I. Introduction
Trade secrets are important for business competitiveness, encompassing confidential information like formulas, processes and design because they hold economic values due to their secrecy. To qualify, information must be secret, possess commercial value from its secrecy, and be actively protected through reasonable efforts, such as Non-Disclosure Agreements (NDAs), physical security, and digital safeguards. According to its reason for being, the DPDP Act aims to promote privacy, raise safety standards in the data industry and ensure clear guidelines for processing digital personal data which lead with consent, transparency and responsibility and give users more control over their data. A key paradox arises from trade secrets requiring information not to be public knowledge, while the DPDP Act exempts data voluntarily made publicly available by individuals. If personal data, potentially part of a trade secret (a customer list), becomes public through the data principal's actions, its trade secret status is questioned. The DPDP Act's exemption, without specific trade secret carve-outs, could inadvertently undermine protection.1
New developments in information technology have connected business secrets with personal data. As a result, there is tension because of trade secret laws that declare data confidential, as compared to the extensive rights individuals have under the DPDP Act. Because trade secrets have rights-based protection compared to common law, there is a need to better align these two rules in India.

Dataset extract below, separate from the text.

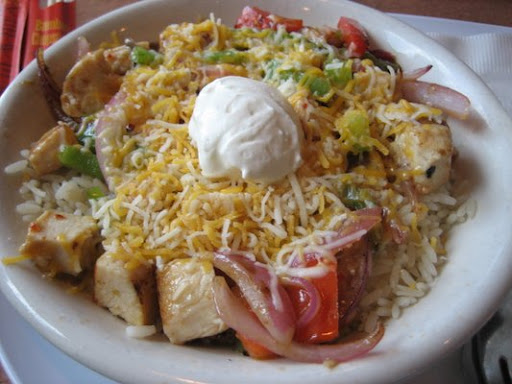 2. Place 1/2 cup of hot rice in each bowl and top with 1/2 cup of the fajita mixture. Sprinkle with shredded cheese. Add toppings of choice. Serve.

II. Understanding Trade Secrets Under the Indian IP Framework
Under the WTO TRIPS Agreement, Article 39,2 trade secrets require three conditions: secrecy, the commercial value from that secrecy, and reasonable protection efforts. Secret means not generally known, even if not entirely novel. Commercial value means economic benefit from confidentiality. Reasonable efforts include NDAs, restricted access, firewalls, and physical security.
India lacks a specific trade secret statute, relying on Contract Law (enforcing NDAs), Common Law Principles (breach of confidence), and Indirect Statutory Protection (Indian Penal Code, IT Act). The proposed Protection of Trade Secrets Bill 2024 aims to codify this, but it is not yet law. This reliance on ex post facto enforcement makes protection less robust than in jurisdictions with dedicated statutes, creating unpredictability and a need for codified law.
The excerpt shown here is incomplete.